Sebagai teman supaya tidak terlalu lengang, kubuat daftar panjang yang seluruhnya berisi lagu-lagu Gina. Sambil membereskan meja dan kursi, sesekali aku bersiul dan bersenandung mengikuti alunan musik dari ponselku itu. Kedua kaki pun ikut tergerak untuk berputar ke kiri dan kanan dengan lincah. Sampai di satu titik, seseorang mengejutkanku dari belakang.

"Eh, sori, sori." Gina buru-buru meminta maaf begitu melihat tanganku sibuk menangkap beberapa botol kosong yang terlepas dari cengkeraman. "Sini, aku ban—"

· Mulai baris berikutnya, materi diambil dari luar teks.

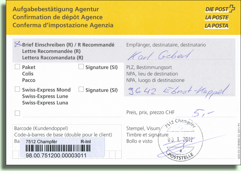 Postagentur Champfèr ab 16.10.2011: Via Gunels 7
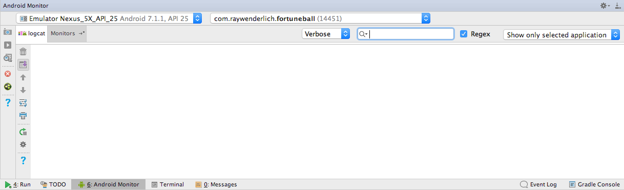 Еще одна полезная функция — logcat, это возможность просматривать сообщения об ошибке. Добавьте баг в свое вполне функциональное приложение, чтобы посмотреть, как все устроено.
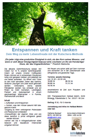 Dein Weg zu mehr Lebensfreude mit der Kutschera-Methode Termine: jeweils Dienstag von 18.30 – 20.30 Uhr
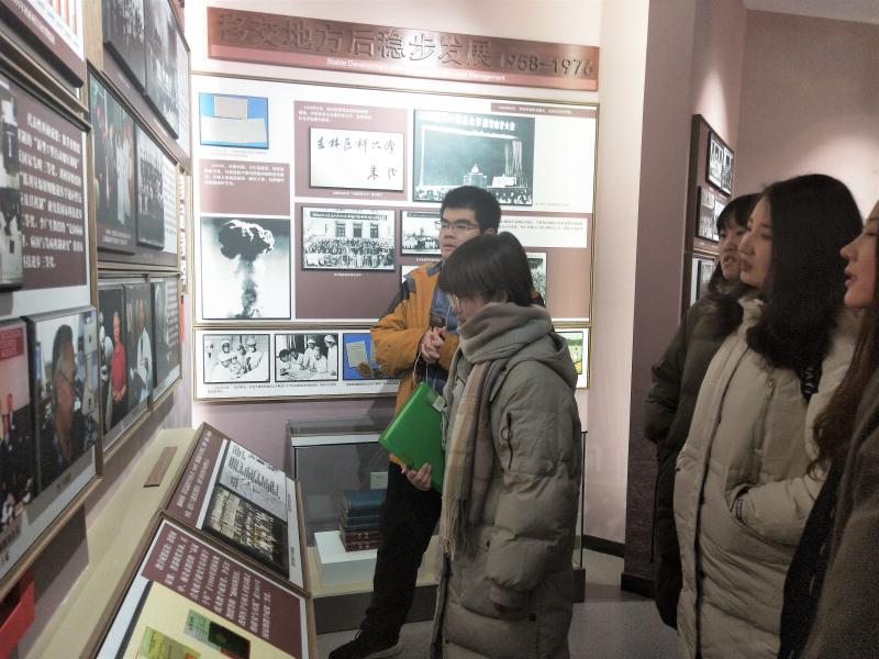 首先,同学们跟随李娴丽的步伐参观了展馆一层的白求恩医科大学校史馆。她向同学们介绍了建校功勋和历任校领导,丰富详实的讲解让同学们充分认识到建校过程中的艰难险阻,更能体会到如今辉煌成就的来之不易。如今的包你发
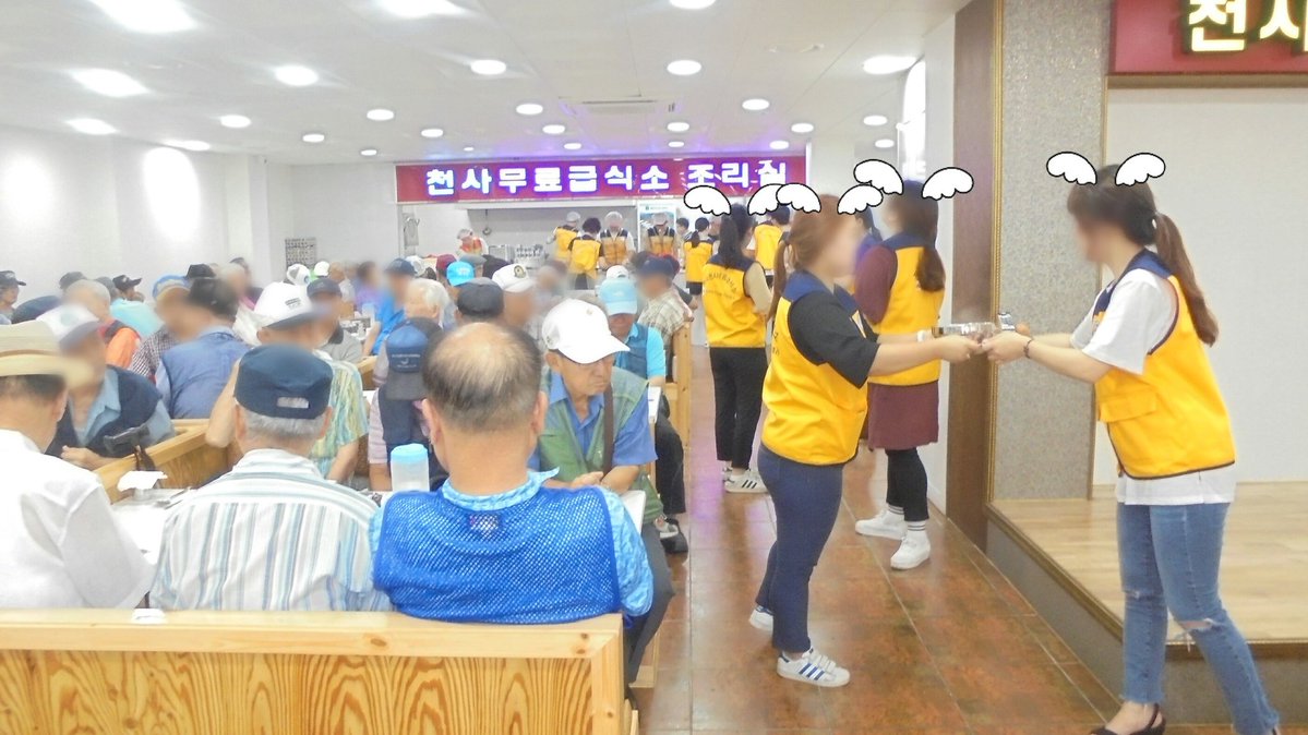 天使無料給食所仁川(インチョン)富平(プピョン)地所で年配の方の給食準備および話し相手なって差し上げること活動をしました。

"Jangan!" hardikku. Seketika itu juga langkah Gina terhenti. "A-anu, sori, m-maksudnya itu, nanti tanganmu kotor. Udah, biar aku aja, Gin."

Aduh! Aku kelepasan menyebut namanya dengan sok akrab. Gina berjalan semakin mendekat ke arahku dengan senyum lebar di wajahnya. "Kayak sama siapa aja sih, Tom. Dulu juga kita biasa lembur berdua gini, kan?"